Unfortunately it's for 2D signals (image analysis), but I believe his conclusion would also apply to 1D signal.
J.F. Kirby, "Which wavelet best reproduces the Fourier power spectrum?", Computers & Geosciences 31 (2005) 846–864
Basically, his conclusion is to go with the Fan wavelet, which is a 2D rotated version of the Morlet wavelet. In 1D, I'd suggest the complex Morlet. It's the mix of real and complex part that allows for a good similarity to a Fourier power spectrum.

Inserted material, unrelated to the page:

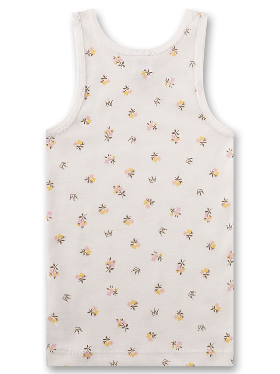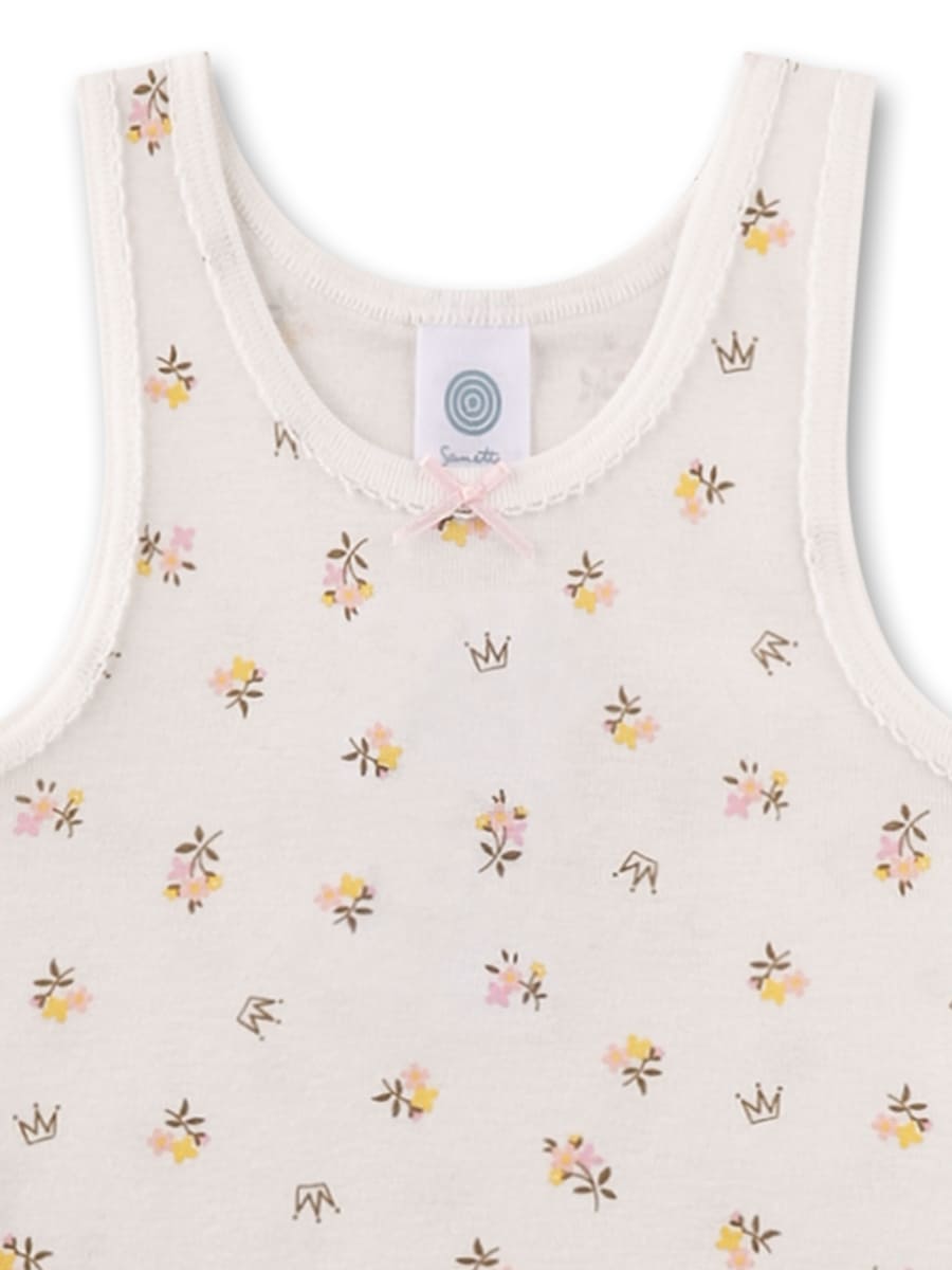 Майка Small bouquets — витончена базова річ для дівчинки, прикрашена ніжним принтом маленьких квітів і корон, що створює легкий та чарівний образ. Модель виготовлена з органічної бавовни, яка відзначається м’якістю, добре пропускає повітря та дарує комфортні відчуття протягом усього дня. Акуратна обробка країв, приємна до тіла тканина та зручний крій забезпечують свободу рухів і комфортну посадку. Маленький декоративний бантик на вирізі додає образу особливої ніжності та робить майку чудовим вибором для щоденного носіння. Матеріал сертифікований незалежними європейськими інститутами Organic Cotton, безпечний до здоров'я дитини, вільний від шкідливих сполучень.

In better precision, here what it should look like, converted to 1D from Kirby (2005):
$$ \Psi = exp\Big(-\frac{ik_0x}{\lambda} - \frac{x^2}{2\lambda^2}\Big),$$
where $\lambda$ is the scale you're looking at, and $k_0=5.336$ is a constant selected to give the best "scale sampling" vs "frequency sampling". I didn't include the normalization constant because in every computational situation, it's better to just divide the final wavelet by its maximum value, and subtract its average. It gives pretty much the same result with less headache.
Basically, the complex Morlet wavelet is a Fourier transform "wave" ($exp(-i k_0 x/\lambda)$) bounded by a Gaussian kernel ($exp(-x^2/2)$). I suspect you might get a good power spectrum using only the real part (using $cos(x) \cdot exp(-x^2/2)$), but you would loose phase information.
Try comparing the spectrum obtained from a Fourier transform, from a complex Morlet and from a real Morlet. Watch out for bad/non-standard normalization found in many FFT algorithms.